The S&P 500 gained modestly and interest-rate sensitive mega caps, led by Amazon.com (AMZN.O) and Microsoft Corp (MSFT.O), gave the tech-heavy Nasdaq the edge.
The blue-chip Dow Jones Industrial Average ended modestly lower.
U.S. consumer price (CPI) data showed prices heated up in August at their fastest pace in 14 months due to rising energy prices, but the “core” measure, which excludes volatile food and energy items, remained on its meandering path down toward the Federal Reserve’s average 2% annual inflation target.
“Since markets were weak the last few days, maybe people were fearing more core inflation than we saw,” said Peter Tuz, president of Chase Investment Counsel in Charlottesville, Virginia.
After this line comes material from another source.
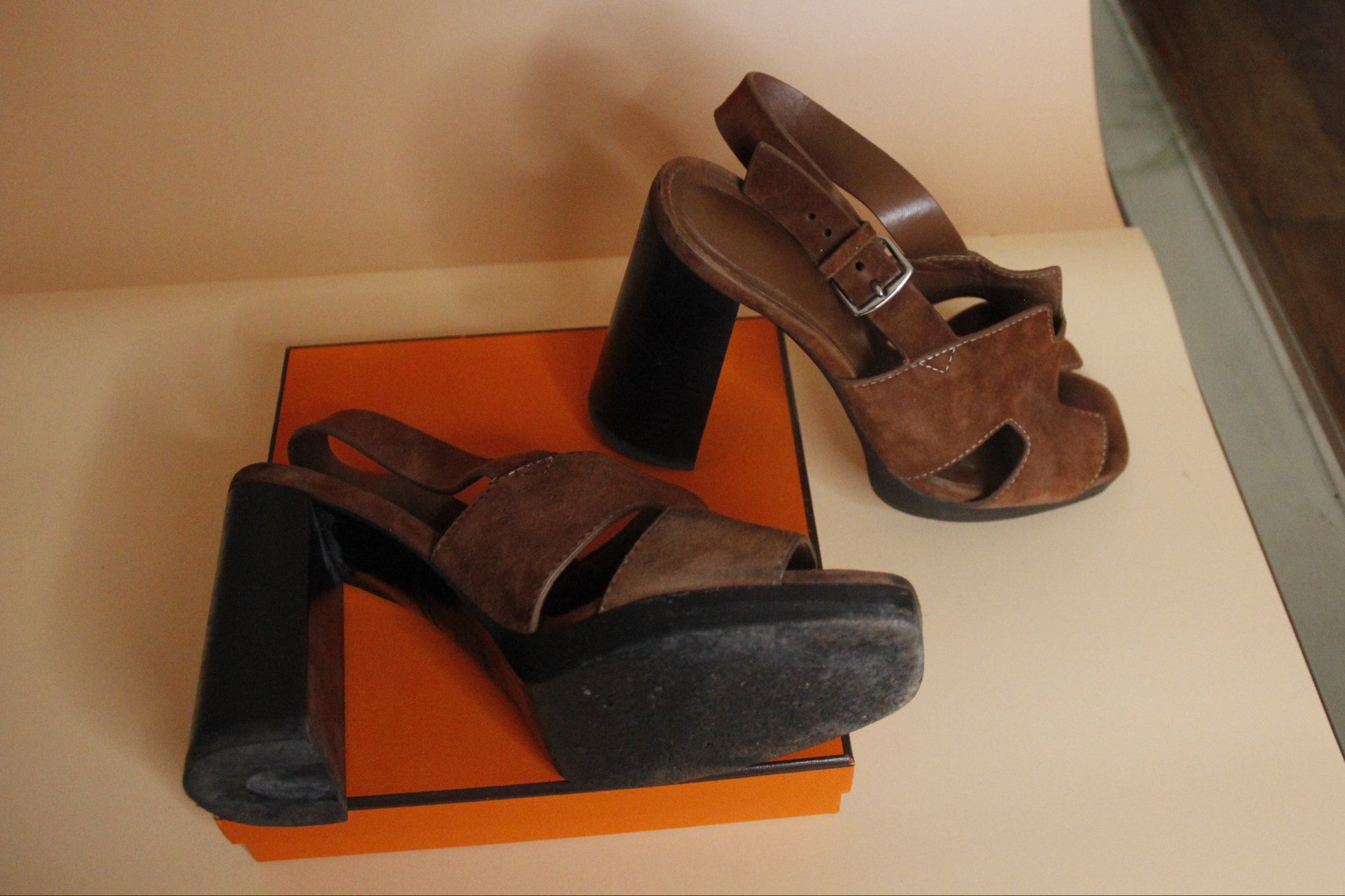 Sandales Hermes Elbe 60 en daim marron taille 38 pour femme à talon. (5 UK / 7 US)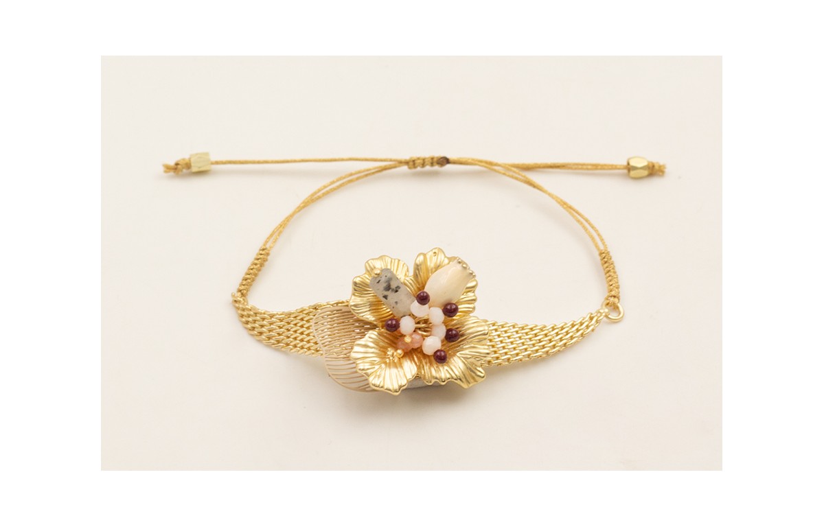 Pulsera rombo malla dorada mate con flor, burruño ovnis beiges, tubo piedra gris, tulipán esmaltado beige, hilo dorado con nudo macramé.

The report “confirms the idea of the Fed waiting to see what further data show before a possibly hiking rates in November.”
Tuz noted that “CPI was slightly positive on a core basis, but surging gasoline prices affect retail sales.” He explained that “The extra $20 you spend filling your tank is $20 less you spend on other things.”
Financial markets have priced in a 97% likelihood of the Federal Reserve standing pat at next week’s monetary policy meeting, leaving the key Fed funds target rate at 5.25%-5.50%, according to CME’s FedWatch tool.
The Dow Jones Industrial Average (.DJI) fell 70.1 points, or 0.2%, to 34,575.89, the S&P 500 (.SPX) gained 5.59 points, or 0.13%, to 4,467.49 and the Nasdaq Composite (.IXIC) added 39.96 points, or 0.29%, to 13,813.59.
European shares ended lower as investors looked beyond the CPI report and a drop in euro zone industrial production to focus their attention on this week’s European Central Bank policy meeting.
The pan-European STOXX 600 index (.STOXX) lost 0.32% and MSCI’s gauge of stocks across the globe (.MIWD00000PUS) gained 0.01%.
Emerging market stocks lost 0.09%. MSCI’s broadest index of Asia-Pacific shares outside Japan (.MIAPJ0000PUS) closed 0.19% lower, while Japan’s Nikkei (.N225) lost 0.21%.
U.S. Treasury yields inched lower in the wake of the CPI report, which suggested the Fed will keep interest rates steady at its upcoming meeting.
Benchmark 10-year notes last rose 3/32 in price to yield 4.2544%, from 4.264% late on Tuesday.
The 30-year bond last /32 in price to yield 4.3463%, from 4.346% late on Tuesday.
The greenback steadied against a basket of world currencies following the inflation data, which did little to move the needle regarding the Fed’s expected rate hike pause.
The dollar index (.DXY) rose 0.05%, with the euro down 0.2% to $1.0731.
The Japanese yen weakened 0.26% versus the greenback at 147.47 per dollar, while Sterling was last trading at $1.249, up 0.05% on the day.
Oil prices dipped as a surprise U.S. inventory build helped market participants look past expectations of tight supply.
U.S. crude slipped 0.36% to settle at $88.52 per barrel, while Brent settled at $91.88 per barrel, down 0.2% on the day.
Gold prices edged lower, hovering near two-week lows after the CPI report helped give the dollar a slight boost.
Spot gold dropped 0.3% to $1,908.39 an ounce.